I want to ask her about it. God, I could listen to every detail. Did he pick you up? Did he open your door? Did he make you laugh at dinner?

It’s painful to sit with unrequited feelings. That’s what this is now; there’s no point in denying it anymore. I want Chloe, and yet, I have to sit here and look at her like it’s not a searing kind of torture. The reflected pool lights dance across her face. She’s bathed in pale blue. I want her to look at me, but maybe it’s good that she doesn’t. I’d kiss her, and we’d really be in a shitstorm then.

“I owe you an apology,” she says, finally, her attention down on her thighs.

“No.” I’m heartbroken by the thought that she might have been beating herself up all day about what happened with Harper. “It’s the other way around. I didn’t mean to be hard on you like that.”

“You were acting on instinct, and you were worried about Harper,” she argues. “It probably scared you half to death to find her bed empty like that. I wasn’t thinking.”
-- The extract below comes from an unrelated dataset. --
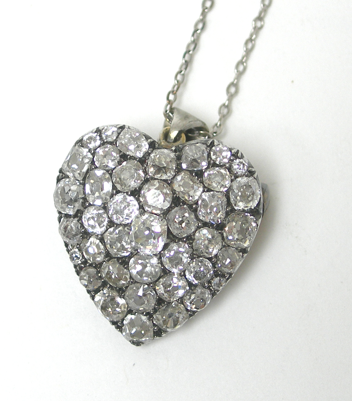 of heart design, pave set with graduated old mine cut diamonds, with hinged bale and trace link chain

I release a long exhale. “It’s so goddamn complicated. All of it. I’m not upset Harper has taken such a liking to you. I’m upset that I can’t seem to control this situation like I want to. I’m upset that life seems intent on throwing me curveball after curveball. Still, I shouldn’t have taken my anger out on you like that.”
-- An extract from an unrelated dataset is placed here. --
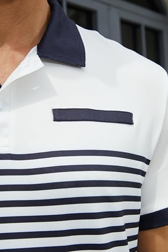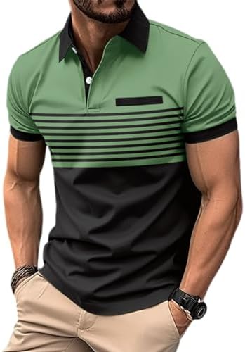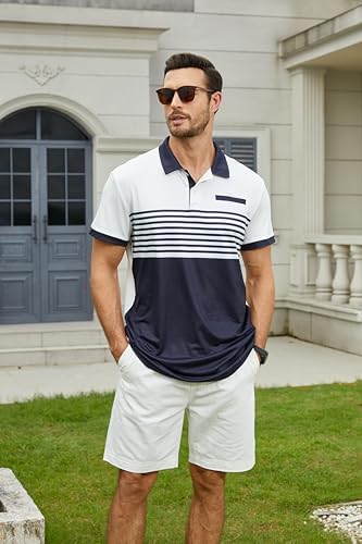 Men's Casual Polo Shirts Short Sleeve Fashion Golf Shirt Classic Striped Slim Fit T-Shirts

Her brows shoot up, but she doesn’t say anything. How can she resist looking my way?

I give her another moment, then I can’t help but ask, “A lot on your mind?”

She smiles ruefully. “Like you wouldn’t believe.”

“That’s why you’re being quiet? Or you’re still upset with me?”

Her brown eyes finally drift over to me, and there’s sadness lurking there. “I was never upset with you. And for the record, I’m not sure I ever could be, but that’s beside the point…” She takes another long sip of her beer. “I’m quiet because I’m not supposed to be talking to you right now.”

Now that makes me laugh. It’s so out of left field.

“Why’s that?”

I swear to god, I’m on tenterhooks waiting to hear what she’s about to say.

“I’m setting boundaries. Keeping my private life private, my work life…work.”

“Oh, just like what I’ve been trying to do? Let me know how that works out for you.”

I take a drink and stare out at the pool as we sit in companionable silence. Two coworkers. I smile at the thought.

“Is this how it always is for you? With the nannies and stuff?”

She doesn’t have to explain what she means. I know exactly what she’s asking.

“No.”

She sighs in defeat, like she was hoping for a different answer.

“Maria’s been with us forever, and she’s in and out, not one for small talk. She’s good with Harper, but otherwise she’s focused on her own life. She has grandkids.”